(Stored dataset items)
+--

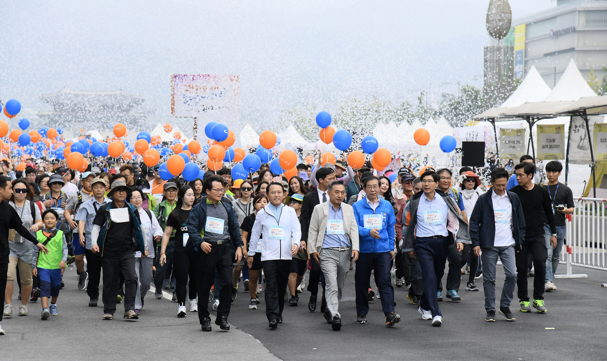 박원순 서울시장이 24일 오전 '2017 서울 걷자 페스티벌'에서 참가자들과 함께 광화문광장을 출발하고 있다. 서울시 제공
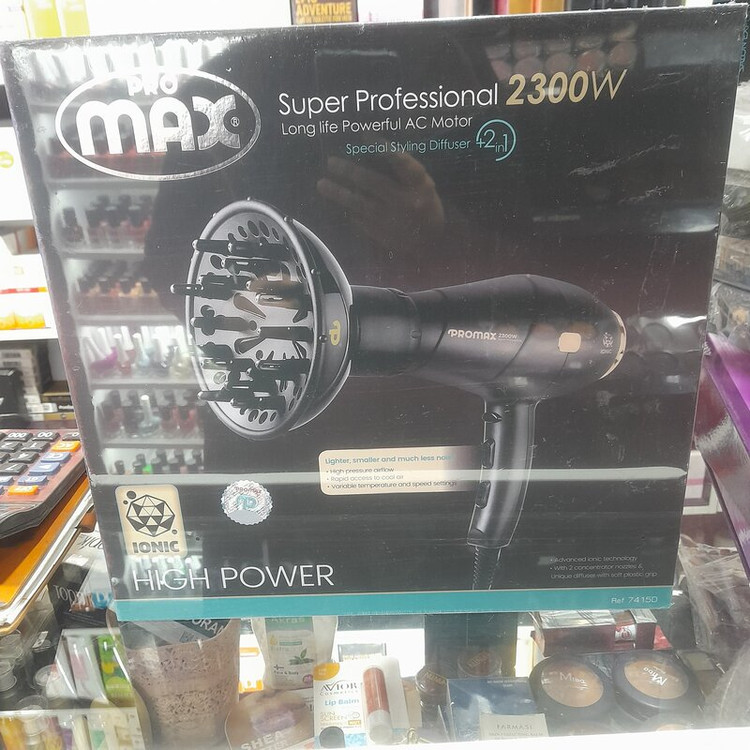 سشوار 7415D پرومکس، یکی از زیباترین، سبکترین و در عین حال حرفه ترین سشوارهای این برند است. این سشوار در کنار طراحی زیبا و لوکس خود، از قدرت 2300 وات بهره می برد. ویژگی دیگر این سشوار مجهز بودن به دیسپانسر برای ایجاد فرهای زیبا در موی سر، بدون استفاده از موپیچ می باشد. موتور این سشوار AC می باشد. موتورهای AC و DC دو نوع مختلف از موتورهای سشوار هستند که تفاوت عمده آن ها در قدرت و فشار باد خروجی و طول عمر دستگاه است. موتورهای AC عمر و قدرت خروجی بیشتری داشته و برای استفاده های حرفه ای و طولانی مدت مناسب تر هستند. این سشوار 2300 وات در کنار قدرت بالا، از امکاناتی همچون یک عدد دیسپانسر، تکنولوژی یون منفی، دکمه باد سرد (کول شات)، دو حالت تنظیم باد، سه حالت تنظیم حرارت و دو سری متمرکز کننده هوا بهره می برد. سیم بلند 3 متری و قابل چرخش و نیز حلقه آویز سشوار، از دیگر مواردی است که کاربری مدل 7415D پرومکس را در عین حرفه ای بودن، آسان تر کرده است.
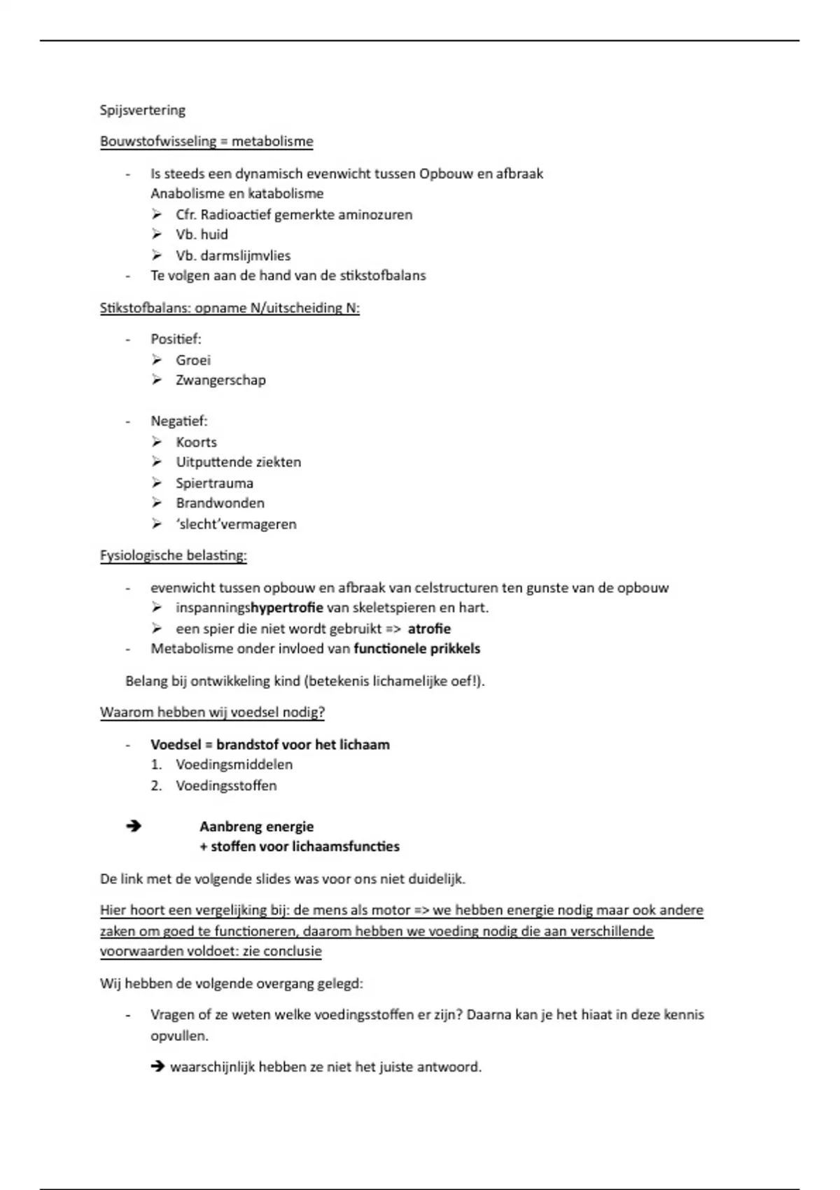 zaken om goed te functioneren, daarom hebben we voeding nodig die aan verschillende
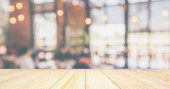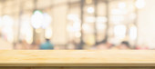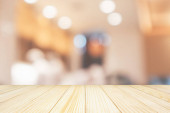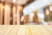 Drewniany blat stołowy z Cafe Wnętrze restauracji z licznikiem bar rozmycie abstrakcyjne tło z bokeh światło
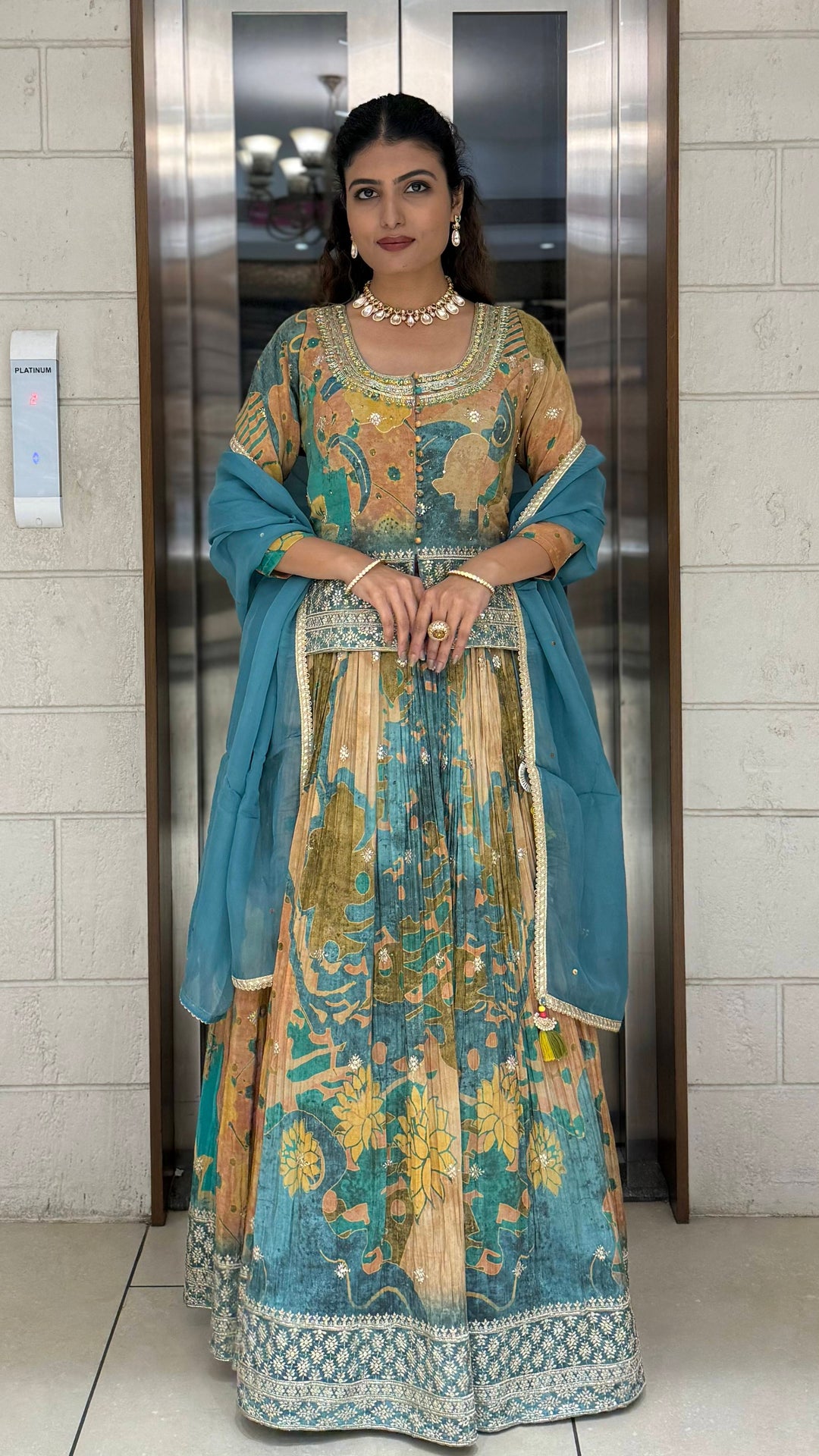 Teal Blue & Peach Printed Designer Peplum Lehenga Set with Flared Sleeves & Tassel Accents
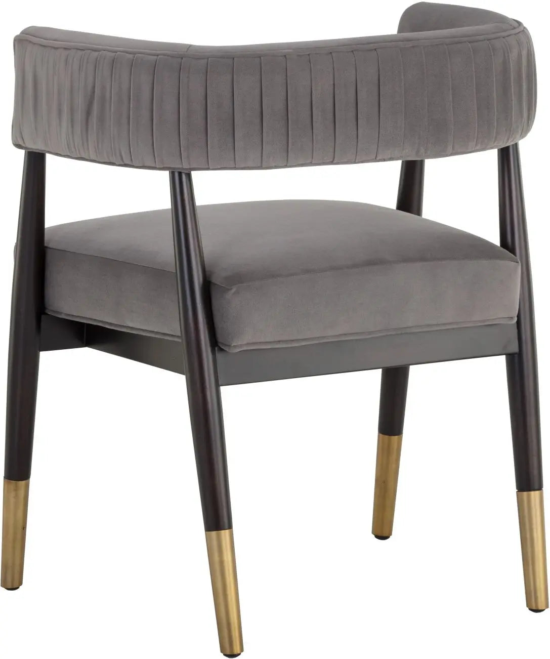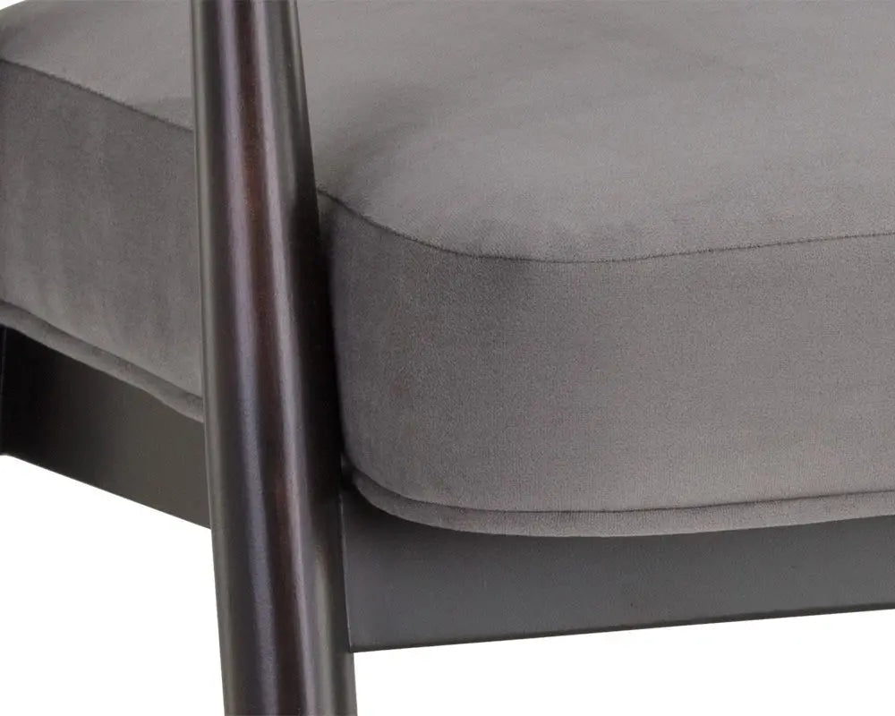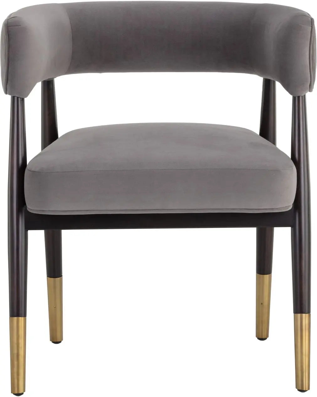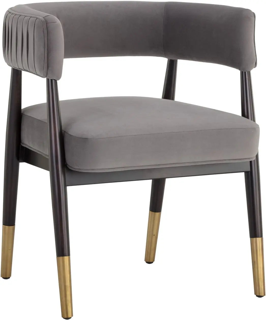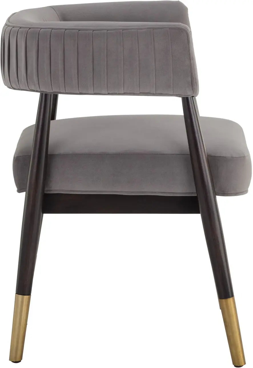 Invite guests to relax in this elegant open back armchair. Features a modern barrelback seat in antonio charcoal fabric with ruching on the exterior. An exposed brown birchwood frame with gold metal caps completes the look. Perfect for living, lounge and office spaces.
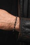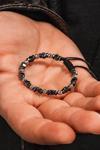 Siyah Hematit Taşlı Ayarlanabilir İpli 925 Ayar Gümüş Detaylı Erkek Bileklik
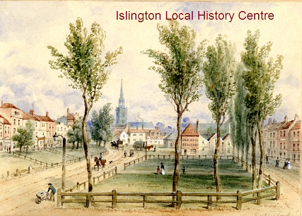 Islington High Street and Upper Street looking North towards St Mary's church across Islington Green and the parish lock-up
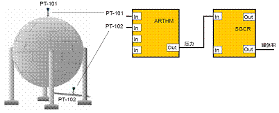 運用算術功能塊完成罐底和罐頂的差壓計算,再通過線性化功能塊以20點的采樣值來擬合出相應的差壓和體積的線性關系,并可以在罐底3051S的表頭上直接顯示罐的體積。
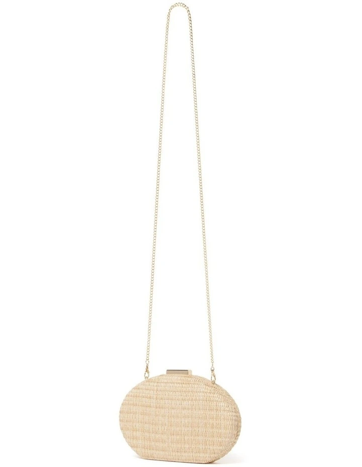 Feminine design meets trending style. Complete your look with the Maisy Weave Hardcase Clutch from Forever New.
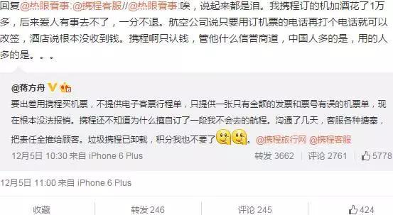 看来是气的不轻,不过也正常,订一张机票而已,竟然出来了这么多幺蛾子,要是我我也懵了啊... 通过这一个事情,评论下面引出来 N 个网友对自己曾经遭遇的吐槽,蒋方舟自己也转出了一些评论,都是网友们真实经历过的。

+--

## PROBLEM
Output the records above verbatim. Pictures stay out.

## EXPECTED ANSWER
 박원순 서울시장이 24일 오전 '2017 서울 걷자 페스티벌'에서 참가자들과 함께 광화문광장을 출발하고 있다. 서울시 제공
 سشوار 7415D پرومکس، یکی از زیباترین، سبکترین و در عین حال حرفه ترین سشوارهای این برند است. این سشوار در کنار طراحی زیبا و لوکس خود، از قدرت 2300 وات بهره می برد. ویژگی دیگر این سشوار مجهز بودن به دیسپانسر برای ایجاد فرهای زیبا در موی سر، بدون استفاده از موپیچ می باشد. موتور این سشوار AC می باشد. موتورهای AC و DC دو نوع مختلف از موتورهای سشوار هستند که تفاوت عمده آن ها در قدرت و فشار باد خروجی و طول عمر دستگاه است. موتورهای AC عمر و قدرت خروجی بیشتری داشته و برای استفاده های حرفه ای و طولانی مدت مناسب تر هستند. این سشوار 2300 وات در کنار قدرت بالا، از امکاناتی همچون یک عدد دیسپانسر، تکنولوژی یون منفی، دکمه باد سرد (کول شات)، دو حالت تنظیم باد، سه حالت تنظیم حرارت و دو سری متمرکز کننده هوا بهره می برد. سیم بلند 3 متری و قابل چرخش و نیز حلقه آویز سشوار، از دیگر مواردی است که کاربری مدل 7415D پرومکس را در عین حرفه ای بودن، آسان تر کرده است.
 zaken om goed te functioneren, daarom hebben we voeding nodig die aan verschillende
 Drewniany blat stołowy z Cafe Wnętrze restauracji z licznikiem bar rozmycie abstrakcyjne tło z bokeh światło
 Teal Blue & Peach Printed Designer Peplum Lehenga Set with Flared Sleeves & Tassel Accents
 Invite guests to relax in this elegant open back armchair. Features a modern barrelback seat in antonio charcoal fabric with ruching on the exterior. An exposed brown birchwood frame with gold metal caps completes the look. Perfect for living, lounge and office spaces.
 Siyah Hematit Taşlı Ayarlanabilir İpli 925 Ayar Gümüş Detaylı Erkek Bileklik
 Islington High Street and Upper Street looking North towards St Mary's church across Islington Green and the parish lock-up
 運用算術功能塊完成罐底和罐頂的差壓計算,再通過線性化功能塊以20點的采樣值來擬合出相應的差壓和體積的線性關系,并可以在罐底3051S的表頭上直接顯示罐的體積。
 Feminine design meets trending style. Complete your look with the Maisy Weave Hardcase Clutch from Forever New.
 看来是气的不轻,不过也正常,订一张机票而已,竟然出来了这么多幺蛾子,要是我我也懵了啊... 通过这一个事情,评论下面引出来 N 个网友对自己曾经遭遇的吐槽,蒋方舟自己也转出了一些评论,都是网友们真实经历过的。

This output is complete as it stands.